## EXERCISE
Leaving out all pictures, repeat exactly the lines from the one that holds "1,01 foizga oshdi." to the last line of the entries below.

## EXCERPTED DATA
┌──

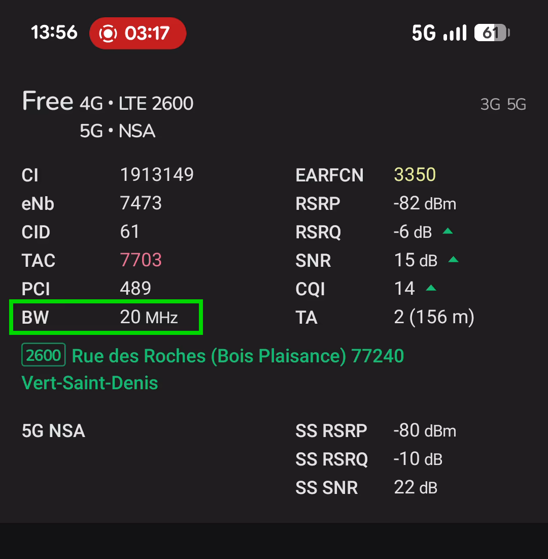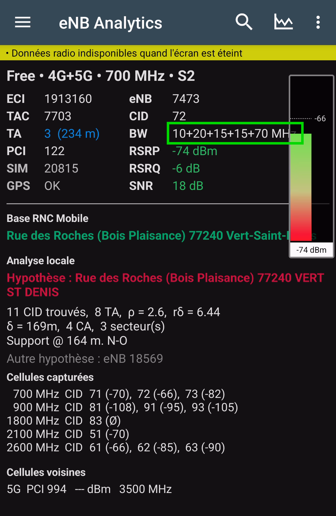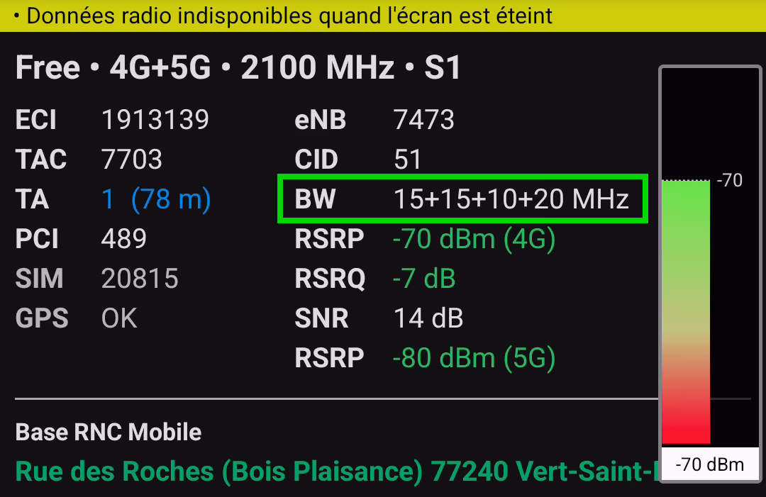 Mon mobile accroche 4 fréquences 4G pour 60 MHz, mais il ne s'est pas connecté sur la bande 3,5 GHz :
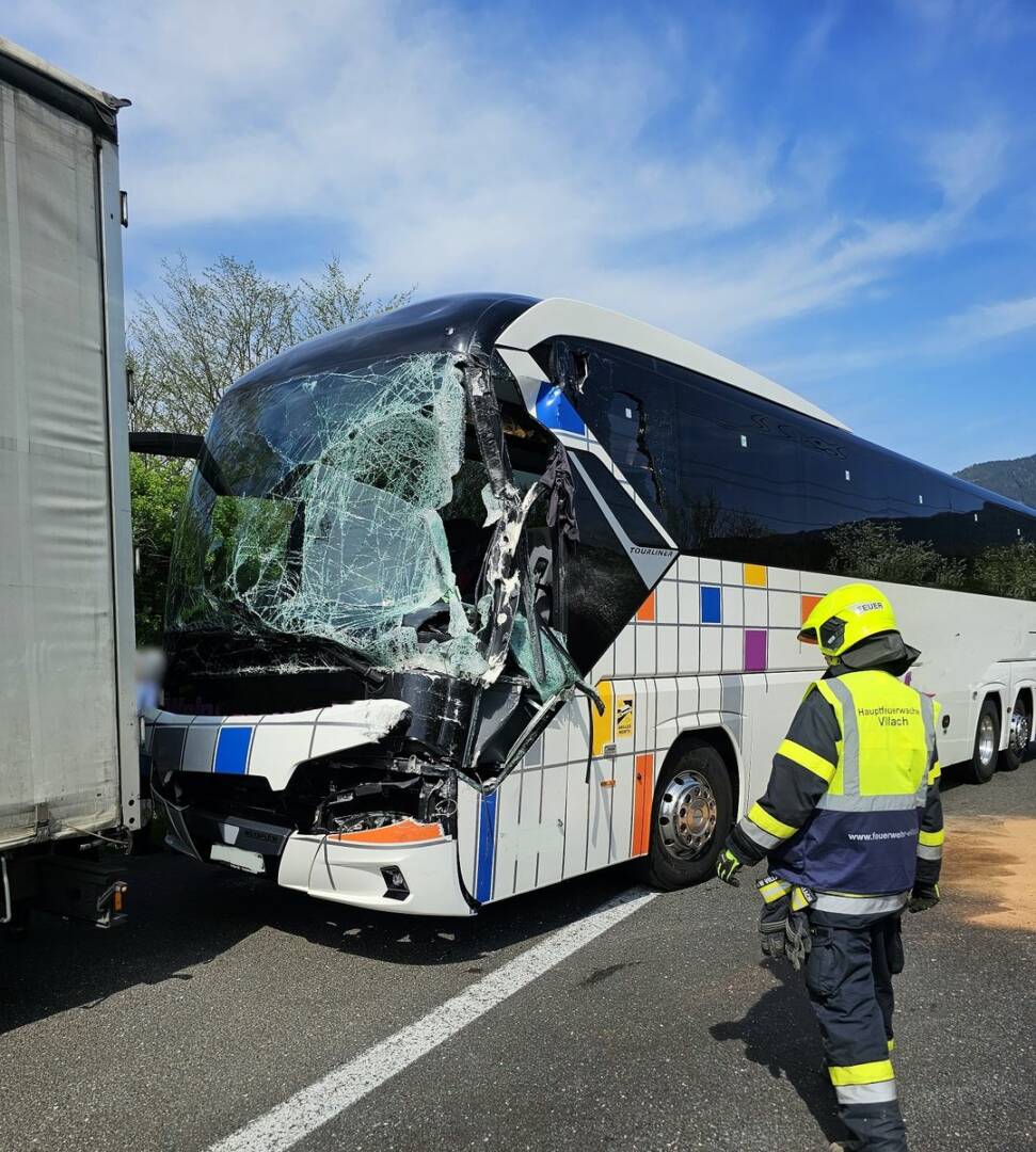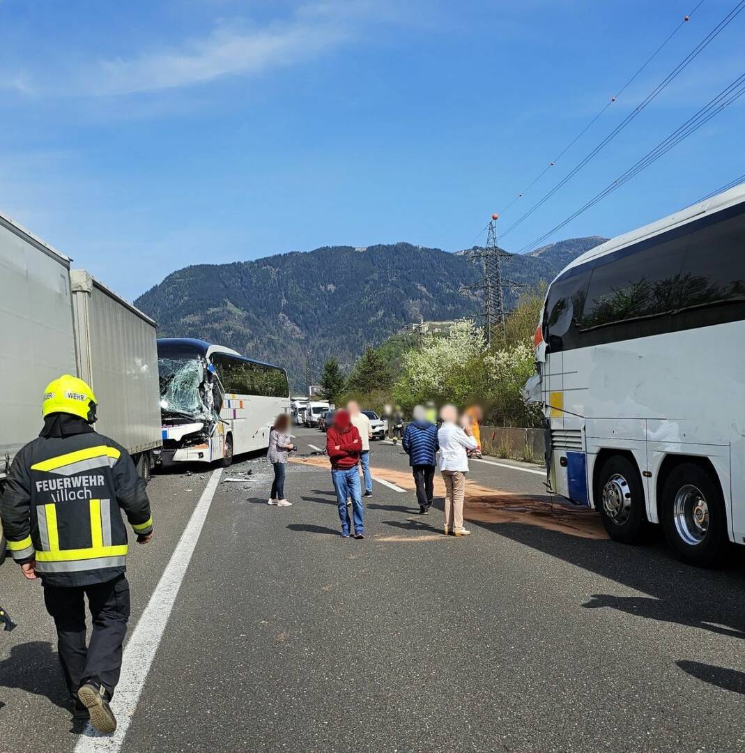 Vor Ort wurde festgestellt, dass ein Reisebus auf einen anderen aufgefahren war und fast noch zusätzlich einen LKW touchiert hätte, berichtet Einsatzleiter OBI Martin Regenfelder, Kommandant Stellvertreter der Hauptfeuerwache Villach. Glücklicherweise waren keine Personen eingeklemmt. Alle Insassen konnten die Busse selbständig verlassen.
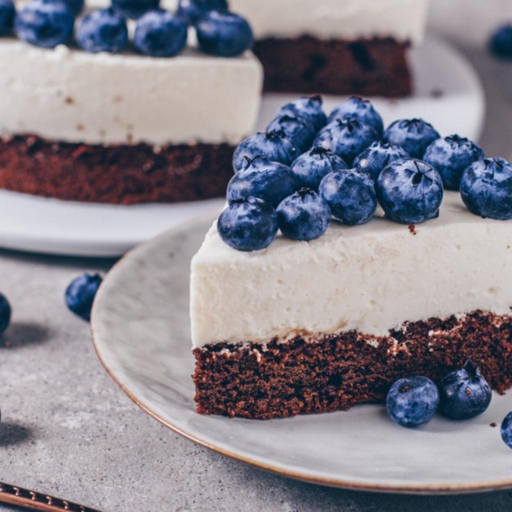 Wallpaper Cheesecake with blueberries on a plate
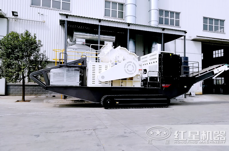 移動履帶碎石機(jī)已經(jīng)開到破碎現(xiàn)場
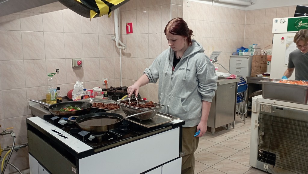 W sobotę, 11.11.2023 r., wychowanki naszego Ośrodka razem z „Zupą na Pietrynie” przygotowały posiłek w stylu kuchni azjatyckiej dla osób w kryzysie bezdomności. Dla wolontariuszy w ramach poczęstunku zrobiły natomiast deser tiramisu.
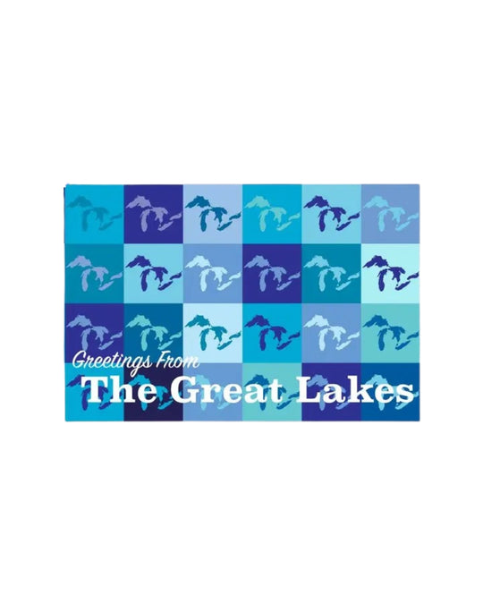 Send a little bit of the Great Lakes around the world with this bright postcard. Covered in blue toned Great Lake silhouette featuring Lake Michigan, Lake Erie, Lake Superior, Lake Huron, and Lake Ontario. 4x6 Inches...Regular price $1.50Quick view -
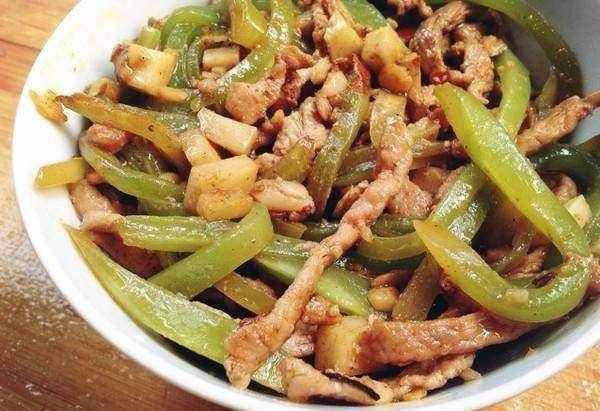 5、然后加入炸好的肉丝,翻炒均匀,加盐和鸡精调味即可上桌
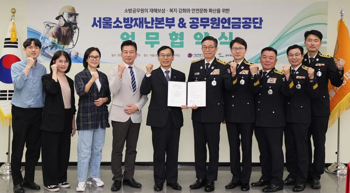 [서울=뉴시스] 권혁민 서울소방재난본부장이 28일 서울 중구 서울소방재난본부에서 이성희 공무원연금공단 재해예방보상본부장과 업무상 상해를 입은 전·현직 소방공무원에 대한 보상 및 교육 등 지원 강화를 위한 업무협약을 체결한 뒤 관계자들과 기념촬영 하고 있다. (사진=서울소방재난본부 제공) 2025.05.28. [email protected] *재판매 및 DB 금지
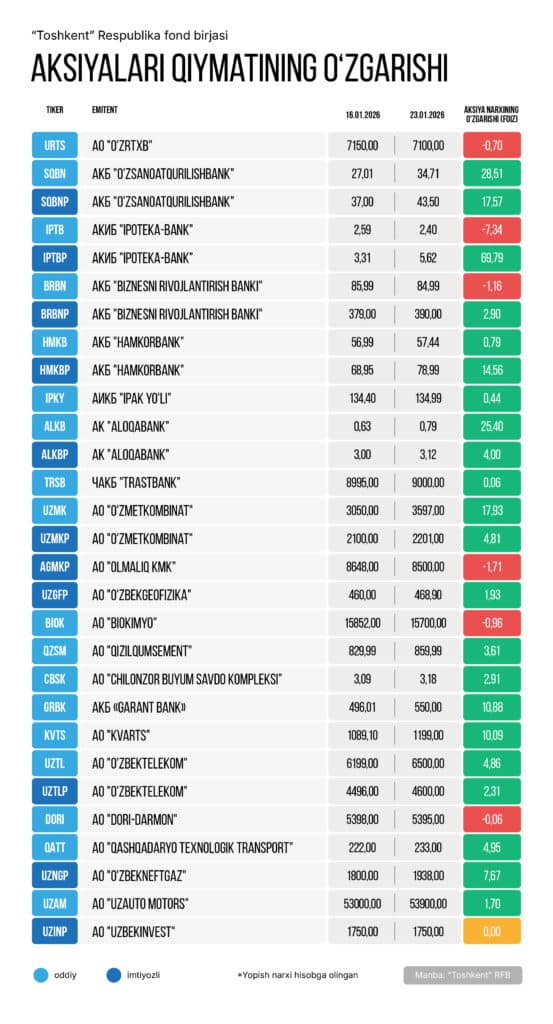 «Toshkent» respublika fond birjasi (RFB)dan joy olgan yuqori likvidli aksiyalarning aksariyati 16-yanvardan 23-yanvargacha bo‘lgan davrda ijobiy dinamikani ko‘rsatib, UCI fond indeksi 1,01 foizga oshdi.
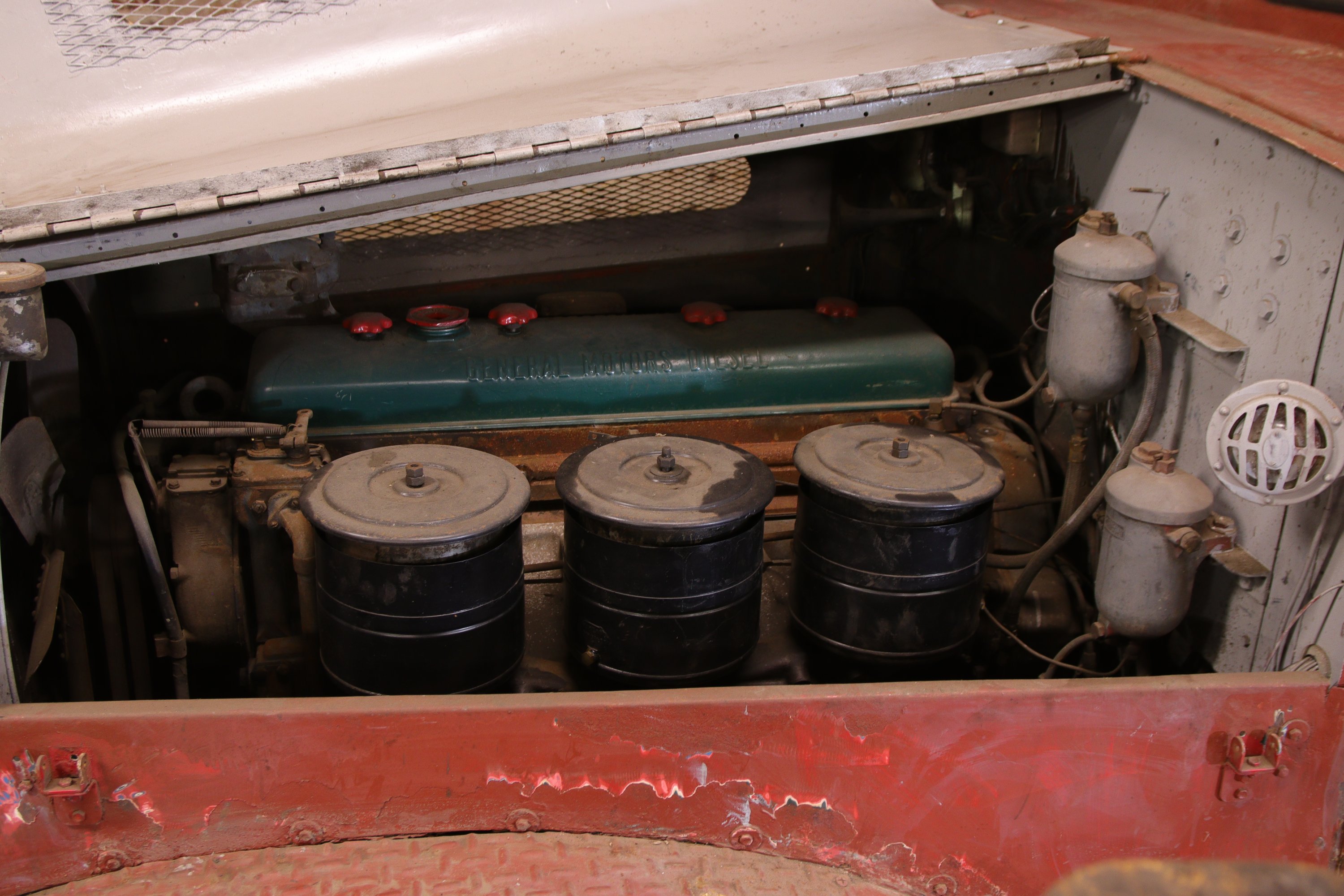 Modèle transformé, équipé dun moteur six cylindres diesel deux temps GM 6.71 avec PTC de 26 tonnes.
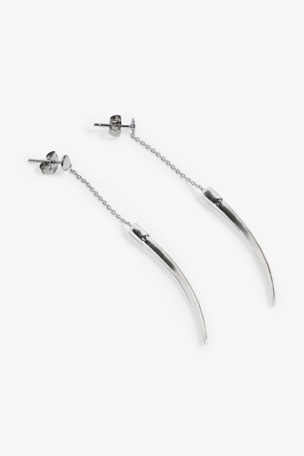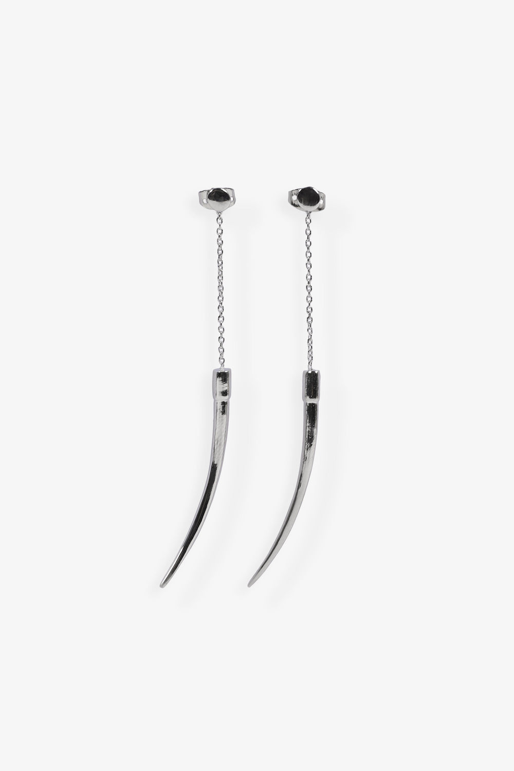 Brincos compridos com corrente terminada em forma de corno de bronze banhado a prata de lei. Fecho com porca. O tamanho é de 7 cm.

└──

## ANSWER BELOW
 «Toshkent» respublika fond birjasi (RFB)dan joy olgan yuqori likvidli aksiyalarning aksariyati 16-yanvardan 23-yanvargacha bo‘lgan davrda ijobiy dinamikani ko‘rsatib, UCI fond indeksi 1,01 foizga oshdi.
 Modèle transformé, équipé dun moteur six cylindres diesel deux temps GM 6.71 avec PTC de 26 tonnes.
 Brincos compridos com corrente terminada em forma de corno de bronze banhado a prata de lei. Fecho com porca. O tamanho é de 7 cm.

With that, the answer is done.